给定两个整数N和K。连续放置N个球。其中K是绿色,而N – K是黑色。任务是找到排列N个球的方式的数量,这样一来,就需要准确地移动i(1≤i≤K)来收集所有绿色的球。一口气,我们可以收集任何组连续的绿色球。请注意,答案可能非常大。因此,输出答案取模10 9 + 7 。
例子:
Input: N = 5, K = 3
Output: 3 6 1
There are three ways to arrange the balls so that
one will need exactly one move:
(G, G, G, B, B), (B, G, G, G, B), and (B, B, G, G, G).

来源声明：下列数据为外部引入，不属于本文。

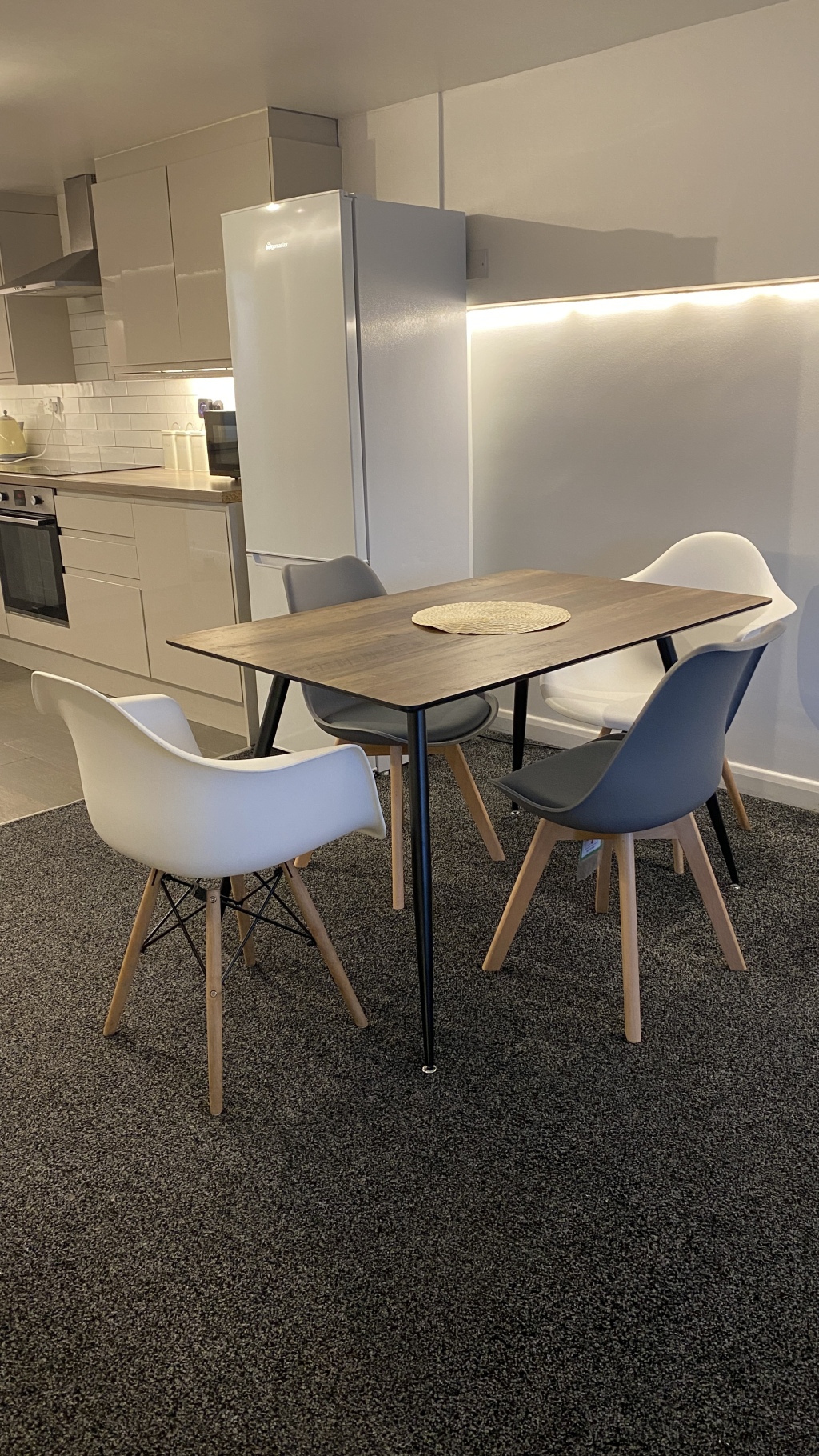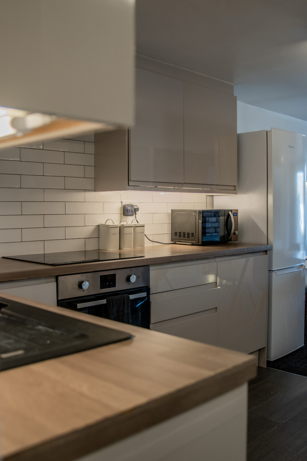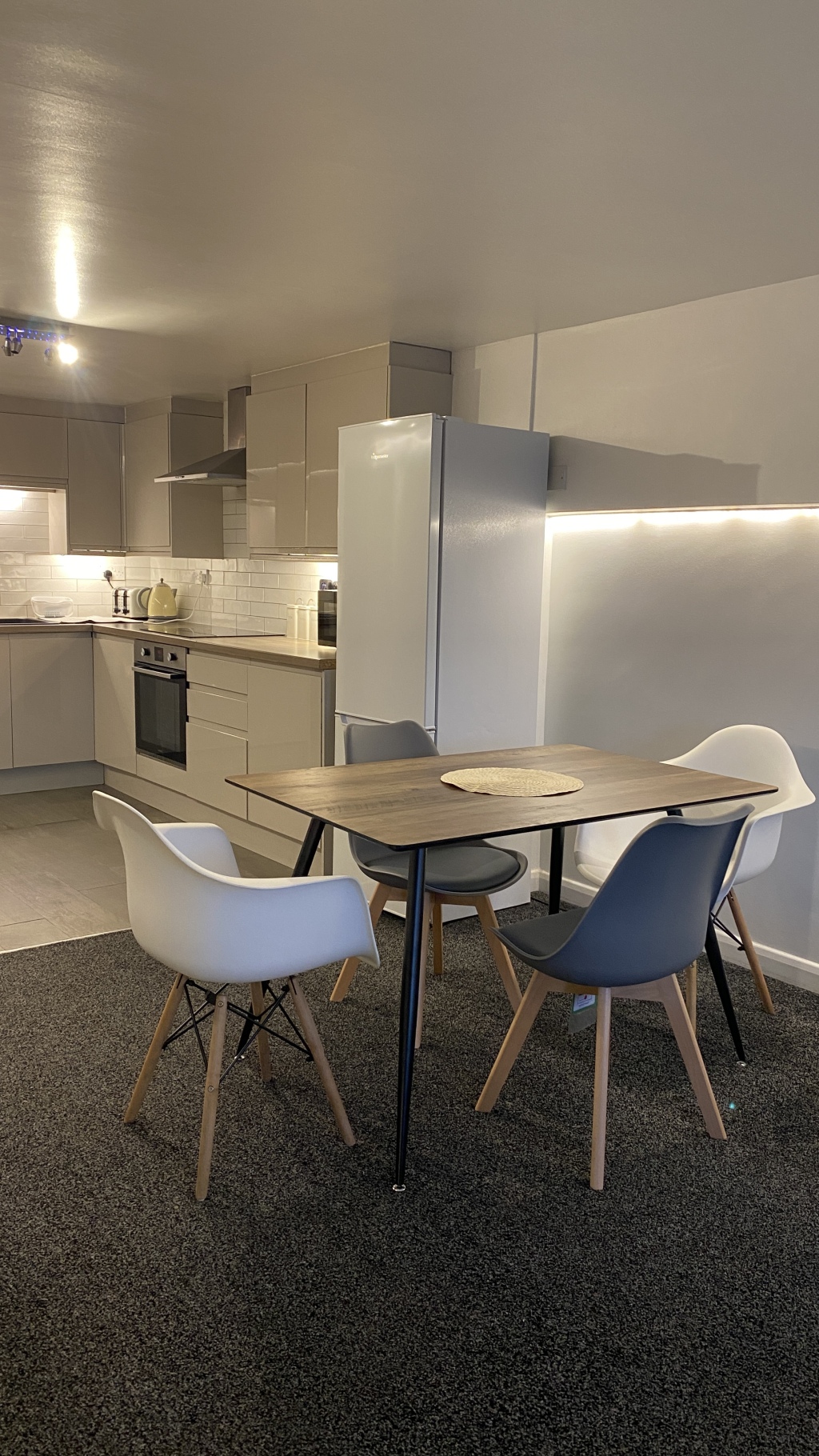 The spacious Bedroom has a king size bed provided with custom made luxury headboard, wardrobe, mirror and bedside cabinets. There is a study table , swivel chair and light. The bedroom is very spacious. There is the spacious Living/Dining and kitchen. The specification kitchen comprises of integrated fridge, freezer, oven, microwave, kettle, toaster washing machine, dishwasher and a four-ring touch sensitive induction Hob. The kitchen is fully equipped for all your cooking needs with appliances, and utensils.
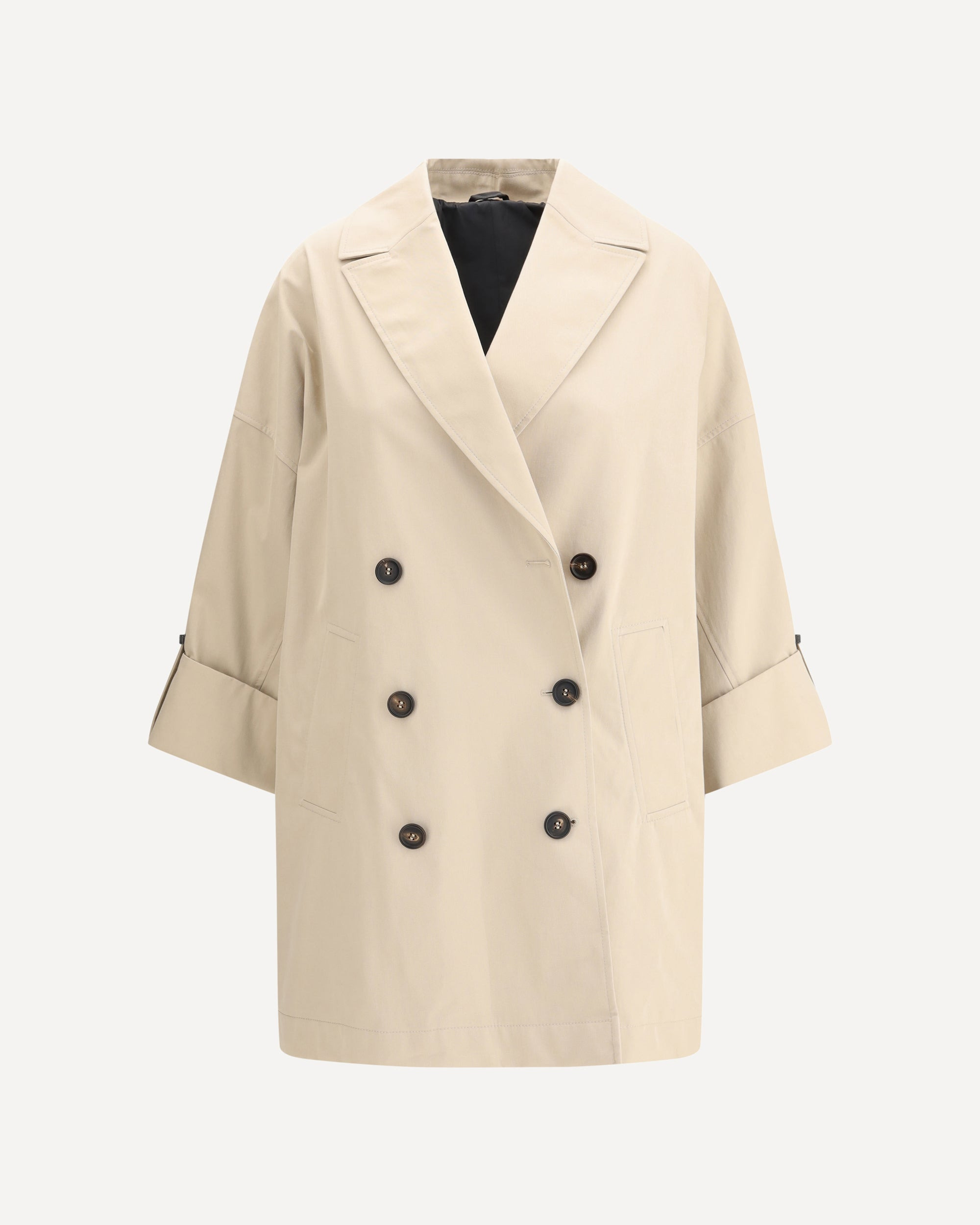 Brunello Cucinelli's midi Trench Coat is an iconic garment reinterpreted with contemporary elegance. Featuring a wide lapel and double-breasted closure, it has two side welt pockets and wide sleeves embellished with distinctive shiny jewel detail for a sophisticated and feminine touch. DETAILS - Sku: MM5397740P_C6697 - Season: AW25 - Fit: Regular - Composition: GENERAL 45% Cotton 55% Polyester - MADE IN ITALY

There are six ways to arrange the balls so that
one will need exactly two moves:
(G, G, B, G, B), (G, G, B, B, G), (B, G, G, B, G), (B, G, B, G, G),
(G, B, G, G, B), and (G, B, B, G, G).
There is only one way to arrange the balls so that
one will need exactly three moves: (G, B, G, B, G).
Input: N = 100, K = 5
Output: 96 18240 857280 13287840 61124064
方法:只需要执行i步即可收集K个绿色球,这意味着K个绿色球被黑球分隔到i个位置。因此,让我们考虑以下组合。
- 首先,连续排列N – K个黑球。
- 在这些黑球之间,从左端到右端选择i个位置,并考虑在其中放置K个绿色球。有N – K + 1个C I的方式来选择这些。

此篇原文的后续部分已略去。